LoneStarCoder

Create a Simple RAG System with AnythingLLM and LMStudio

Author: Brody Kilpatrick | Created: October 9, 2025

Summary

This beginner-friendly tutorial guides you through building a local Retrieval-Augmented Generation (RAG) system without writing code. You’ll learn to set up your own AI assistant that can answer questions based on your documents, running entirely on your own hardware for complete privacy and control.

What is RAG? RAG combines document retrieval with AI language models, allowing the AI to reference your specific documents when answering questions, rather than relying solely on its training data.

Time Required: 1-2 hours for initial setup
Skill Level: Beginner (no coding required)


Hardware Requirements

This setup provides good performance for single-user environments with reasonably fast response times.

Note: This configuration is suitable for personal use or small team testing.
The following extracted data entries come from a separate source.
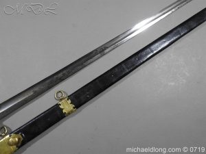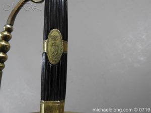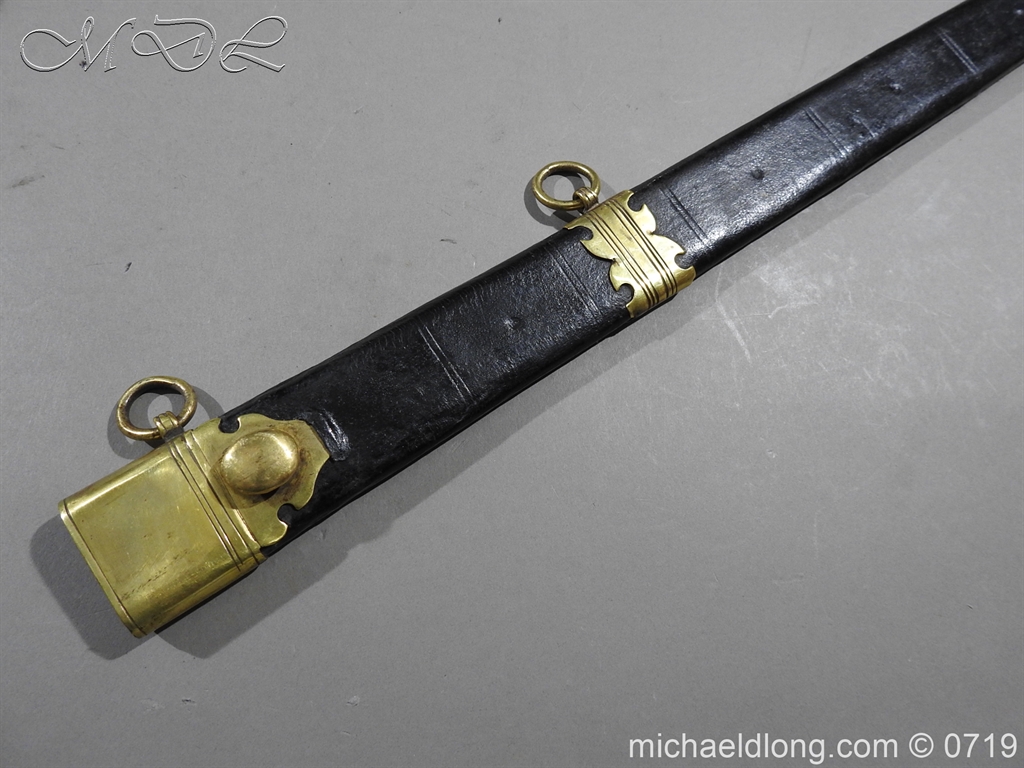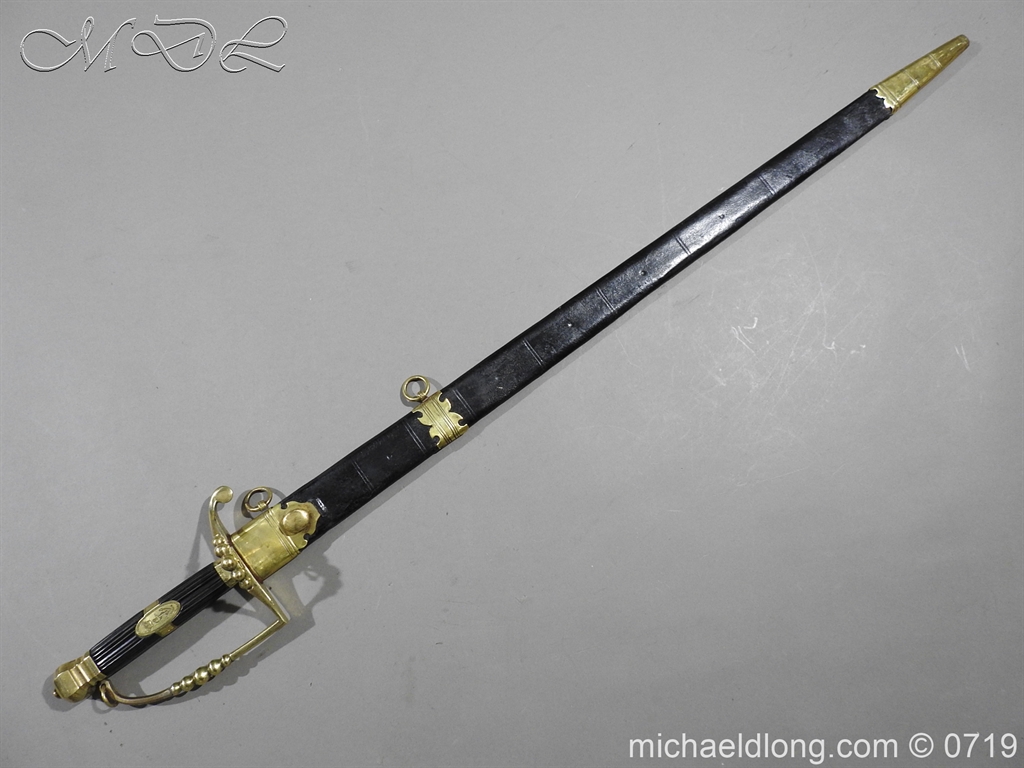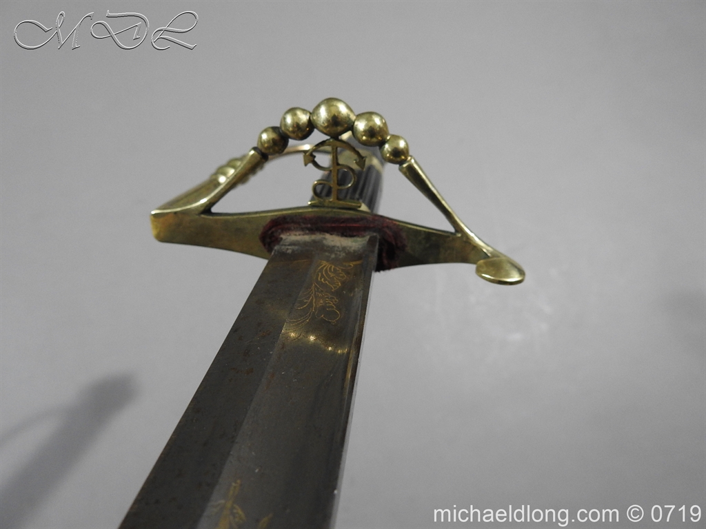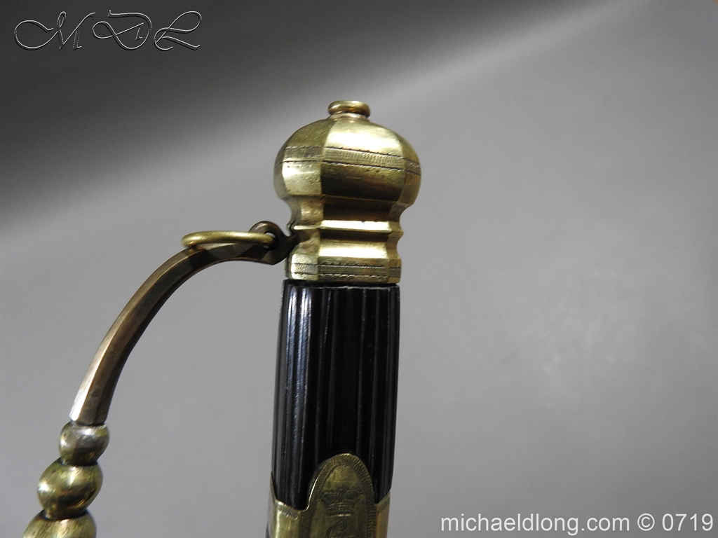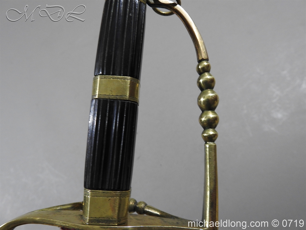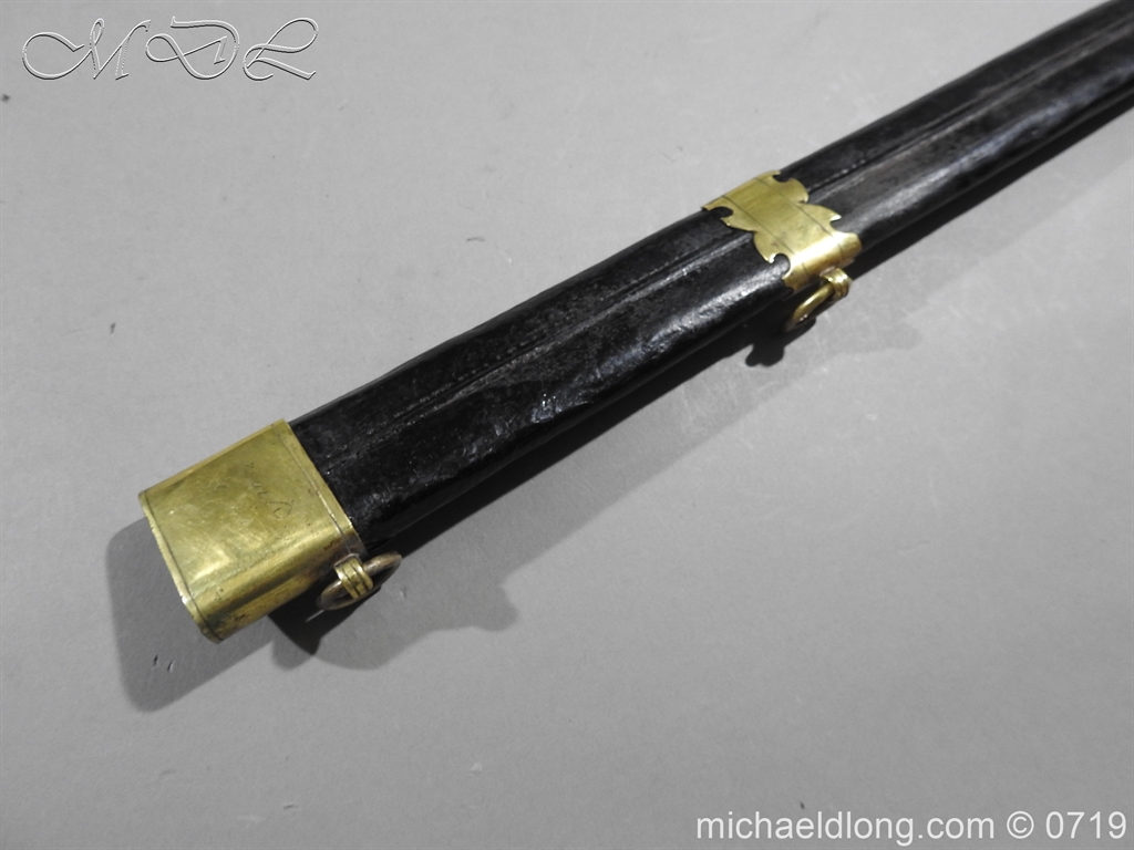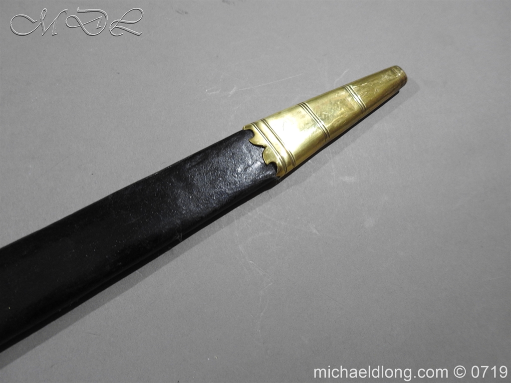 Excellent British naval officer’s sword gilt brass hilt with 5 ball design to guard and cross guard with inset anchor. Ebony fluted grip with inlayed oval disc with band engraved with crown and anchor. Straight single edged blade is engraved and with remains of blue and gilt decoration it is contains within original tooled black leather scabbard with gilt brass mounts 2 loose ring and frog stud overall length 83cm blade 68cm top scabbard mount with faint makers details – For Reference please see Swords for Sea Service plate 22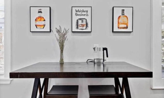 The space spread across 1,600 square feet, our cozy house has 4/5 cozy bedrooms, 3 Smart TVs, perfect for accommodating a family or group of friends. The first floor comprises a spacious a bright living room with comfortable pull out sofa bed, a fully equipped kitchen, and a bathroom complete with a convenient washer/dryer. There are 3 bedrooms on this level with a king bed, full bed, and a twin bed. Upstairs, you'll find a peaceful bedroom with a queen-sized bed, offering a private balcony perfect for enjoying a morning cup of coffee or an evening glass of wine. Adjacent to this bedroom is an open space with two twin-sized beds, providing ample room for rest and relaxation.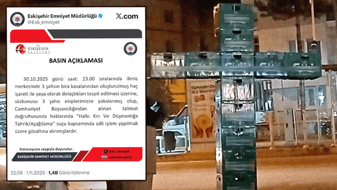 Valiliğin açıklamasında, “30.10.2025 günü saat 23.00 sıralarında ilimiz merkezinde 3 kişinin bira kasalarından oluşturulmuş haç işareti ile yaya olarak dolaştıkları tespit edilmesi üzerine, söz konusu 3 kişi ekiplerimizce yakalanmış olup, Cumhuriyet Başsavcılığından alınan talimat doğrultusunda haklarında ‘Halkı Kin Ve Düşmanlığa Tahrik/Aşağılama’ suçu kapsamında adli işlem yapılmak üzere gözaltına alınmışlardır” denildi.
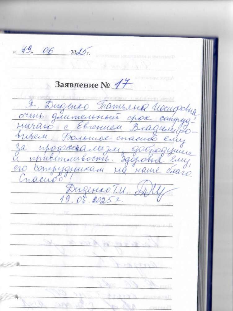Я, Диденко Татьяна Иосифовна , очень длительный срок сотрудничаю с Евгением Владимировичем. Большое спасибо ему за профессионализм, добродушие и приветливость. Здоровье ему, его сотрудникам на наше благо. Спасибо!. Диденко Т.И. 19.06.2025
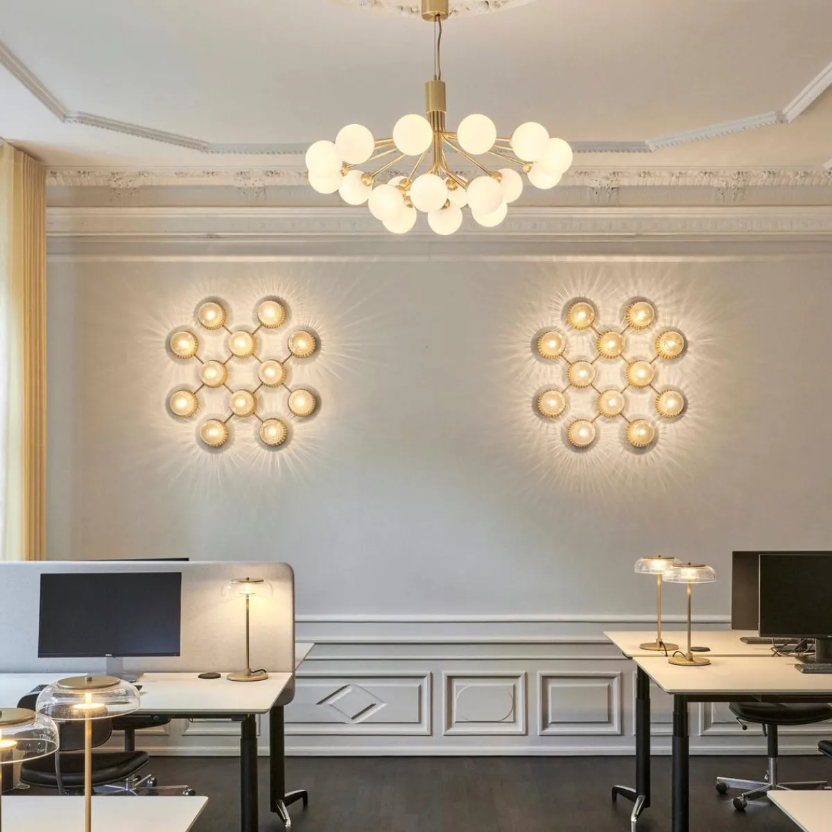 Inspirert av blomster har Sofie Refer designet Apiales-kolleksjonen. Armene på Apiales lysekrone minner om blomsterstilker som sprer et diffust og vakkert lys.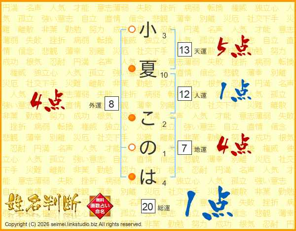 小夏このはさんの天運は13画の5点!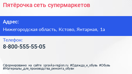 Пятёрочка, сеть супермаркетов по адресу Нижегородская область, Кстово, Янтарная, 1а в дальнейшем Организация, размещена в следующих категориях: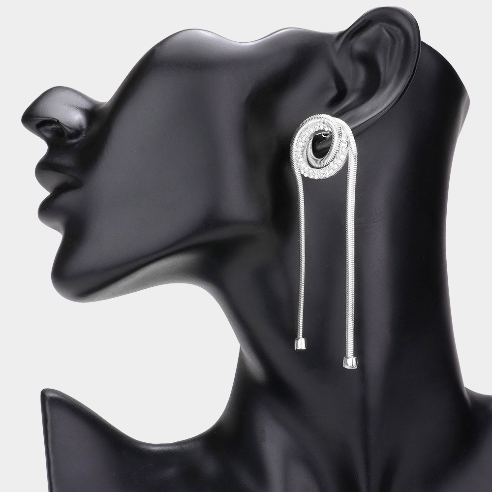 Swirl Rhinestone Embellished Metal Chain Dangle Earrings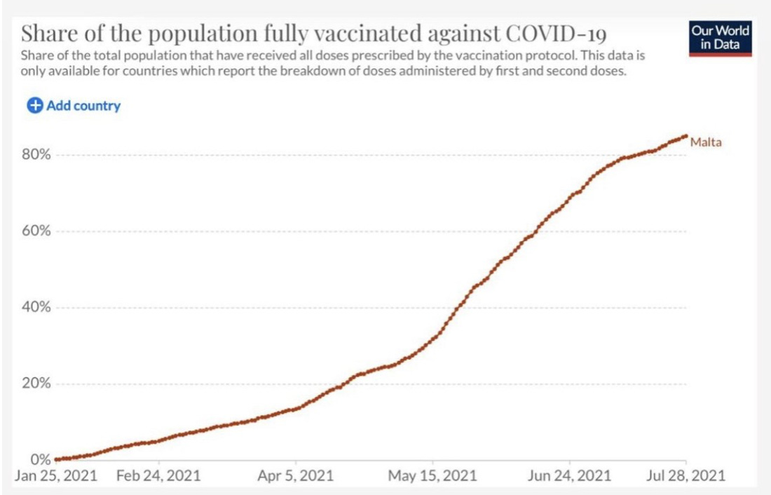 Fig 3. Malta also had a very successful Covid-19 vaccination campaign and got 80% of its population vaccinated.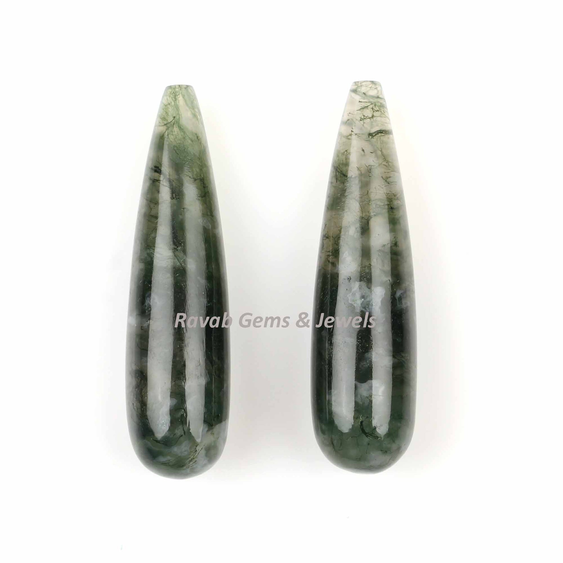 Natural Moss Agate Drops Smooth Gemstone, Calibrated Loose Beads Long Teardrop Semi Precious Stone For Jewelry Earring 8x30mm 2 Pcs Set
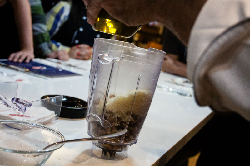 1. Bata no liquidificador as nozes, o parmesão e o azeite até a mistura ficar um creme homogêneo.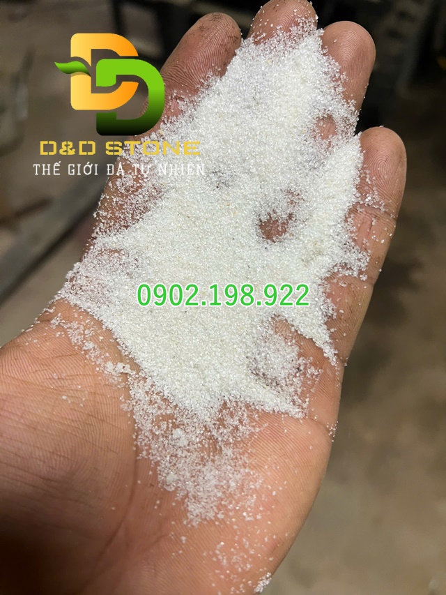 Cát trắng nhân tạo là sản phẩm được tạo ra từ quá trình nghiền và sàng lọc đá trắng tự nhiên (đá vôi hoặc đá granit sáng màu) bằng công nghệ hiện đại. Sau khi nghiền, hạt cát được rửa sạch, tách tạp chất và sấy khô, đảm bảo đạt chuẩn về độ trắng, độ mịn, độ cứng và kích cỡ hạt. Tại D&D Stone, cát trắng nhân tạo được sản xuất trực tiếp tại nhà máy Châu Sơn – Ninh Bình, từ nguồn đá trắng có hàm lượng CaCO₃ cao (96–98%), độ trắng 88–92%, và kích thước hạt đa dạng từ 0,1mm đến 5mm, đáp ứng mọi yêu cầu kỹ thuật của khách hàng.

For production environments with multiple concurrent users, significantly more GPU power is required.

Minimum Configuration

This setup will work but expect slower response times. Acceptable for proof-of-concept testing.

Performance Note: Without a GPU, the system will use CPU-only inference, which can be 10-20x slower depending on model size.


Software Components


Installation Instructions

Step 1: Install Ubuntu

  1. Download Ubuntu Desktop 22.04 LTS or newer from ubuntu.com/download/desktop
  2. Install Ubuntu using the standard installation wizard (default options are fine)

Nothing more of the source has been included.